We have chosen the period from 7^th to 15^th January 2015 for our study. At that time a sequence of severe winter thunderstorms hit Ireland, the UK, Norway, Denmark, Germany, and Poland. During this period we have selected VLF data which were recorded at least two hours after the sunrise and two hours before the sunset, so that we can be sure the signals were received under daytime conditions. This gave us 59–62 data records of 144 s for each day, obtained during approximately 5 daytime hours. We have chosen the strongest atmospheric in each data record and searched for the signatures of frequency dispersion close to the critical frequency of the first-order waveguide mode in their time-frequency spectrograms. We have found promising unusual signs of dispersion for some of these atmospherics (Fig. 1c) and we have even successfully observed atmospherics with clearly pronounced tweeks (Fig. 1d). Their daily numbers varied irregularly between 0 and 17 cases.

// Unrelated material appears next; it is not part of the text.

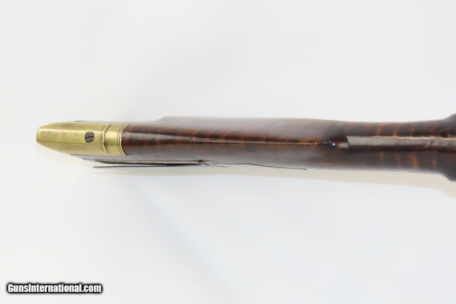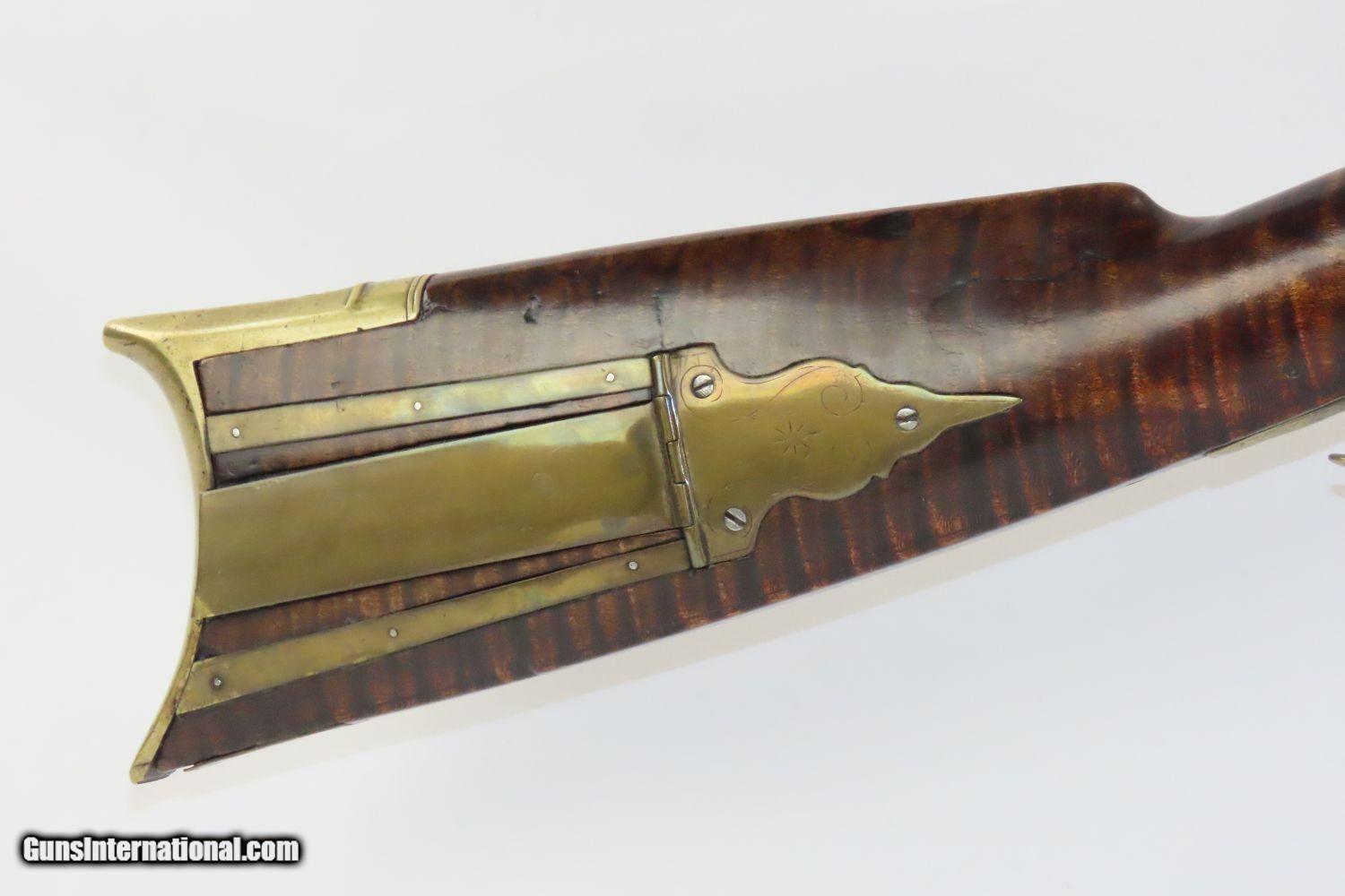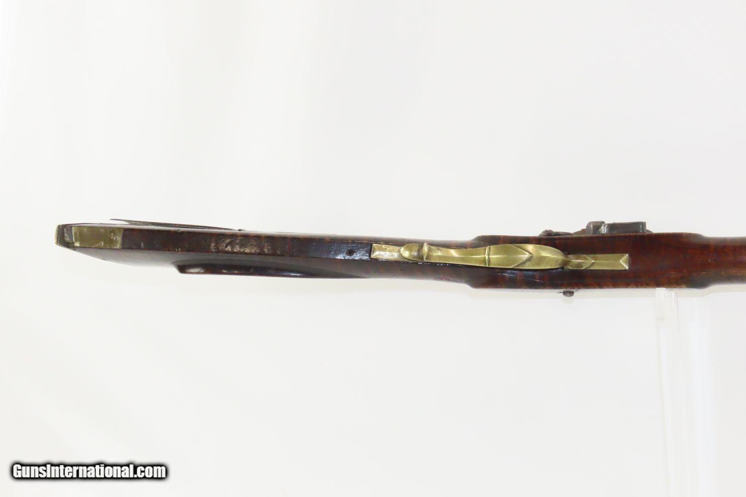 Description: JOHN SOWERS Antique FLINTLOCK American Full Stock LONG RIFLE Nice, Striped Maple Stock w Brass Hardware! Here we present an antique John Sowers American Flintlock Half Stock Long Rifle made circa 1830 in Philadelphia, Pennsylvania. Pennsylvania and Kentucky rifles were the order of the day and were essential tools for providing meat for the table, pest control for the crops and livestock, and protection against beast and man for the homestead. Rifles in this caliber were used for taking medium to large-sized game on the frontier to include elk and even buffalo. Frontiersmen, homesteaders, pioneers, trappers and traders would have used a rifle like this for all of the above. The American Long rifle, more commonly, but less correctly, known as the 'Kentucky rifle', was described by Captain John G. W. Dillin in the dedication to his seminal 1924 book, The Kentucky Rifle: “From a flat bar of soft iron, hand forged into a gun barrel; laboriously bored and rifled with crude tools; fitted with a stock hewn from a maple tree in the neighboring forest; and supplied with a lock hammered to shape on the anvil; an unknown smith, in a shop long since silent, fashioned a rifle which changed the whole course of world history; made possible the settlement of a continent; and ultimately freed our country of foreign domination. Light in weight; graceful in line; economical in consumption of powder and lead; fatally precise; distinctly American; it sprang into immediate popularity; and for a hundred years was a model often slightly varied but never radically changed.” This tiger maple stocked rifle features brass hardware and patchbox. Again, these type rifles would have been crucial and utilitarian tools on the frontier for gathering food and protecting the homestead The overall condition is good. The action functions properly. The bore is relatively bright with sharp rifling, re-bored to a larger caliber. The stock is solid and remains in good shape. “J*SOWERS” is engraved atop the barrel. Here is an American plains style rifle to collect and display! Own the original! This is a legitimate antique and not a reproduction. Barrel is 38-5/8 inches. Caliber: .43 Overall condition as seen in photos. Very Fast. Very Safe. FREE SHIPPING WORLDWIDE. Delivered directly to your door by express mail! Guaranteed AUTHENTIC & Includes CERTIFICATE OF AUTHENTICITY. ancestryguns $2195 #20104 SOLD Antique: Yes |

In 545 data records collected during 9 stormy days we have altogether found 42 daytime tweeks which were strong, long and isolated enough to be analyzed for the first time using the newly designed “instantaneous frequency” method based on the Hilbert transform. This technique not only provides us with estimates of reflection heights but it also gives us propagation distances of the observed daytime tweeks (see Methods). To measure their arrival azimuth we use a direction finding technique based on our 3-component measurement of electromagnetic fields (see Methods).

Locations of source lightning strokes

For all 42 cases, the resulting propagation distances d (Methods, equation 2) of daytime tweeks vary from 1232 to 3379 km, with a peaked distribution around d~2000 km, as it is shown in Fig. 2a. From the least squares fits of the observed tweek traces we obtain an average experimental uncertainty of 19 km, while the maximum estimated uncertainties of the propagation distance induced by possible errors of the ground wave timing are around 60 km.

Figure 2

Distribution of propagation distance and azimuth of arrival of daytime tweek atmospherics. (a) Histogram of propagation distances d of the observed tweeks. (b) Histogram of the azimuth of arrival of the corresponding atmospherics.

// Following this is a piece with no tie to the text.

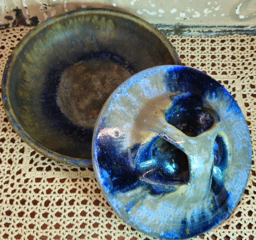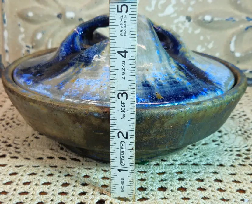This unique lidded bowl is in excellent, used condition, with no appreciable chips, scratches or cracks. Measurements are depicted in the pictures of the item or listed in the description of the item. Please review the photos, as they are part of the item description. Photos will always reveal noticeable defects, as will my description. Any white “blemishes” that are not pointed out in this section are from the lighting that I use for my photos. If you need clarification, please reach out to me.

The estimated arrival azimuth fell into the interval between −43° and +36° in 40 cases (Fig. 2b) indicating that these tweek signals traveled to our receiver from the northern quadrant. The arrival azimuth was about 105° for the remaining two tweeks, pointing to the East. The experimental uncertainty of the arrival azimuth angles (calculated from the results obtained at different frequencies from 7 to 13 kHz) varies between 1.0° and 6.9° with an average value of 2.4°. For example, the event from Fig. 1d gives a propagation distance of 1291 ± 13.8 km and an azimuth of +20.4° ± 1.4°.

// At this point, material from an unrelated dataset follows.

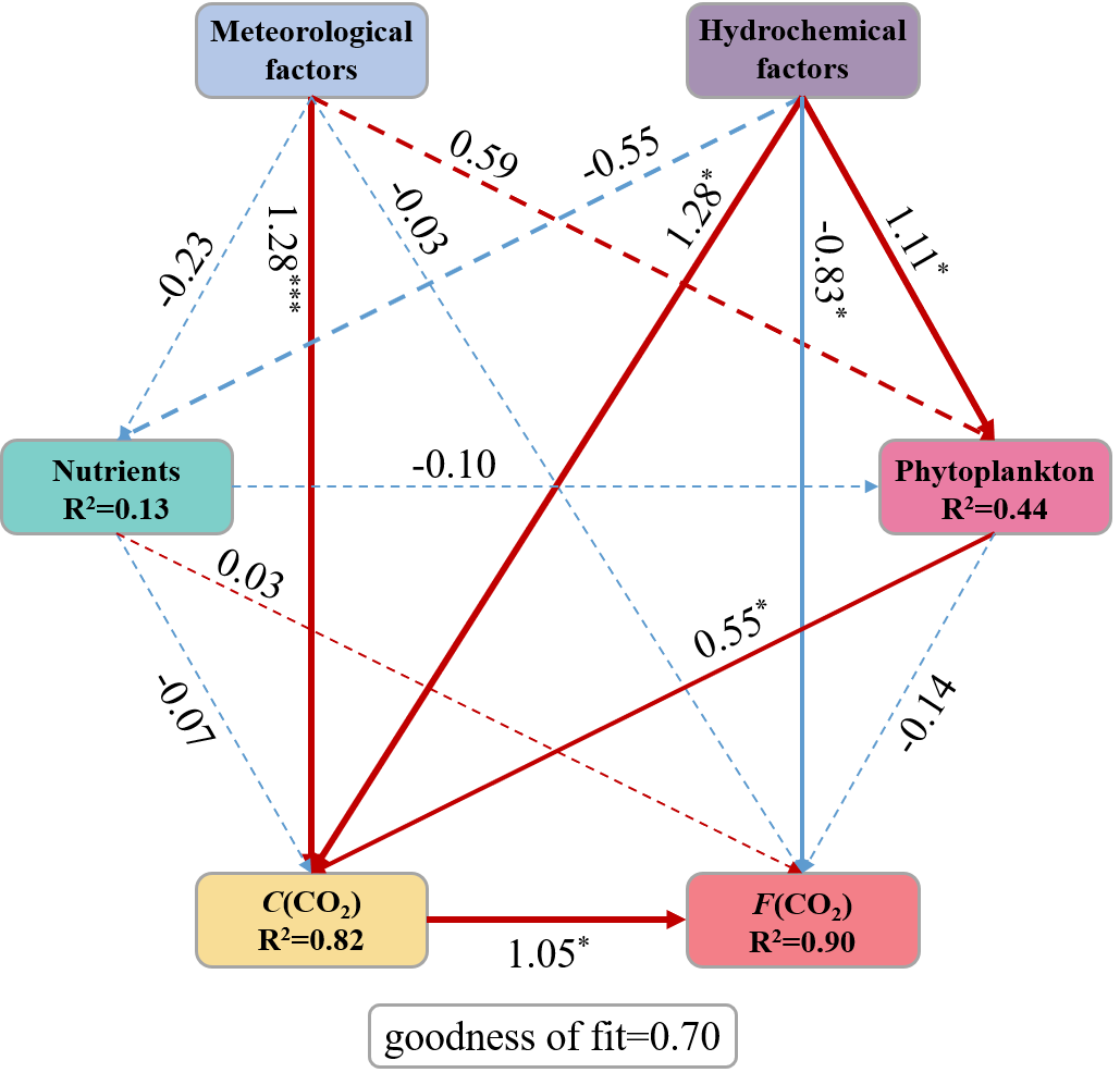 图 8 . 偏最小二乘路径模型( PLS-PM )揭示了气象因子、水化学因子、营养盐及浮游植物多样性指数对水体二氧化碳浓度与通量的直接与间接影响。箭头与连线的宽度表示路径系数大小,蓝色与红色连线分别代表正负效应。 R 2 表示目标变量的解释方差。(显著性标注: * p < 0.05, ** p < 0.01, *** p < 0.001)

Knowing the estimated propagation distances and arrival azimuths we can localize the source lightning strokes for the observed daytime tweeks. In 39 cases they were found in the region of the North-Atlantic thunderstorms (Fig. 3) and in 2 remaining cases the sources were found in an abnormally strong winter thunderstorm which brought snow and hail to the Middle East¹⁶ (not shown).

Figure 3

Locations of source lightning strokes. Red and blue dots represent positive and negative lightning strokes, respectively; a green cross shows the location of our VLF receiving station. (map has been plotted using the Interactive Data Language ver. 8.6.0). Horizontal arrow on the left marks an event which occurred 29 minutes before the local sunrise and was therefore excluded from the analysis. Another arrow highlights an event at a latitude of 54.6°N and a longitude of 12.4°E which is shown as an example in Figures 1d and 6.

The polarity of ground wave peaks in the electric field waveforms (see the polarity estimation technique in Methods) indicates a positive polarity of 10 strokes (red dots in Fig. 3) and a negative polarity of 30 strokes (blue dots in Fig. 3) out of the total number of 40 source lightning strokes generating the observed tweeks and arriving from the northern quadrant. Additionally, we have found two positive source lightning strokes generating tweeks in the Middle East region. These results exceed usual fractions of positive lightning but our analysis is strongly influenced by a selection effect linked to our aim to analyze only strong cases exhibiting clear dayside tweek signatures.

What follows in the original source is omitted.